Monday, November 14, 2011

99 + 1 percent folk: Lindsey's post


All of this week’s articles were thought-provoking and well written, but one was especially prescient in the era of Occupy Wall Street. Karen Ho’s Liquidated: an Ethnography of Wall Street, published in 2009, uses ethnography to examine the daily practices of individuals in the seemingly ‘exotic’ world of finance. She argues that, “The everyday practices and ideologies of investment bankers (which have solidified and gained currency since Wall Street achieved dominance over corporate America and global influence) continually set the stage for Wall Street’s possible liquidation - and reconstitution. Yet this insight is rendered invisible precisely because Wall Street investment bankers as well as academic and popular analysts of finance often resort to an abstraction they all ‘the market’ to explain these crises” (Ho 2009: 10). Ho posits that the crises of the market are mistaken for the results of abstract, purely economic cycles, not the more concrete, day-to-day practices of those working in the actual market place.
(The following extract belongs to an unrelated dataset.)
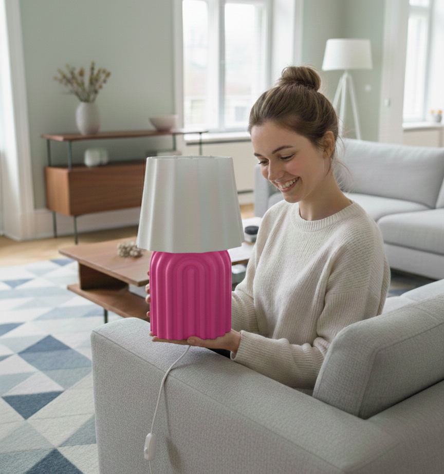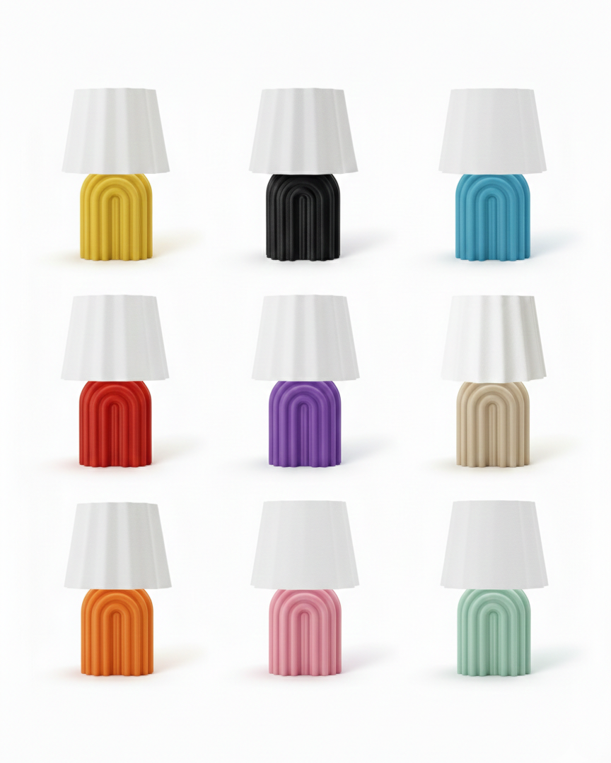 Nuestra Lámpara Umbrella combina un diseño moderno con una estética suave y armoniosa que transforma cualquier ambiente. Su base en forma de arco, con curvas fluidas y un acabado rugoso en varios colores, aporta calidez y personalidad sin perder elegancia.
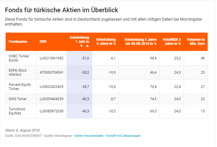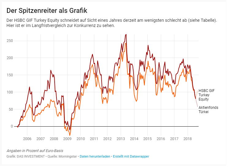 Angesichts der wirtschaftlichen Lage in der Türkei sollte es niemanden wirklich wundern, dass Türkei-Aktienfonds derzeit unter Wasser liegen. Immerhin setzt sich ein spezieller Fonds sich mit einem kleinen Detail von der Gruppe ab.Es sind nur ein paar kleine Positionen im Portfolio, die für einen enormen Unterschied in der Wertentwicklung sorgen. Denn der Fondsmanager des HSBC GIF Turkey Equity, Yigit Onat, geht auch Währungspositionen ein. Er kauft oder verkauft je nach Lage Türkische Lira gegen Euro und kann so den Kursverfall der Lira abmildern. Denn die befindet sich seit mehr als zehn Jahren mit nur kurzen Pausen im freien Fall. In der Zeit verlor sie gegenüber dem Euro fast drei Viertel ihres Werts.

This embodied, Bourdieu-ian take on the financial sector, and global capitalism as a whole, is incredibly relevant as we see protesters hoisting signs that decry the greed and corruption on Wall Street. Ho’s chapter made me take pause, because the protestors (full disclosure, whose mission I generally support) seem to be protesting against the very same abstract notion of the ‘market’ that Ho seeks to problematize in the first place. In a sense, Ho is conducting an ethnographic study of the folk group called The One Percent, a study aimed at recognizing the group's practices, cultural modes of production, and its place in the global schema. At first, calling this elite group a 'folk group' seems a bit counterintuitive – I think most would naturally assume that it is the 99% that would contain folk aphorisms laden with meaning, Truth with a capital T, and a sense of righteousness only possessed by the dispossessed. How can it be that the 1% makes for a compelling ethnography, let alone deserves an ethnography written about them at all?

The very fact that Ho wrote this book, and the circumstances under which it was published (right after the stock market crash of ’08), demonstrates the need to localize the global phenomenon of the ever-expanding ideology of American capitalism. Ho writes, “Whereas nonmarket, premodern economies are assumed to be embedded in social relations, markets in modern industrial society are frequently imagined as operating according to formal and abstract economistic models” (Ho 2009: 32). Ho recognizes this false dichotomy of culture and economy, something I would argue that the Occupy protesters across the nation and globe are in essence asking to reconcile. Their calls for oversight, for eco-consciousness, for humane lending and finance processes, are above all else a cry for the recognition of the 99%’s place in the market - they are asking us to realize that culture and economy coincide. But, as Ho argues again and again, ‘the market’ itself must be conceptualized as concrete and embedded in practice, not as an abstract and disembodied notion. She argues that not only should the 99% be recognized as being affected by the market, but the 1% should as well.  The unlikely folk group of the 1% is affected by market cycles; even as they themselves perpetuate crises and volatility, they depend on these crises to re-produce corporate and self identities. Recognition of these very localized and embodied processes in Wall Street workplaces by the Occupy protestors would go a long way to reinforce the very ideals of their movement, namely, to humanize the capitalist system. Yet as of now, they continue protesting against the abstract notion of ‘the market,’ which is not something that they should be blamed for; the neoliberal machine depends on this ingrained abstraction to keep doing what it does best – namely, produce crises while re-producing itself. This is why a book like Ho’s is so important. She educates her readers about the folk group of the one percent, because to understand it is to understand the other ninety-nine.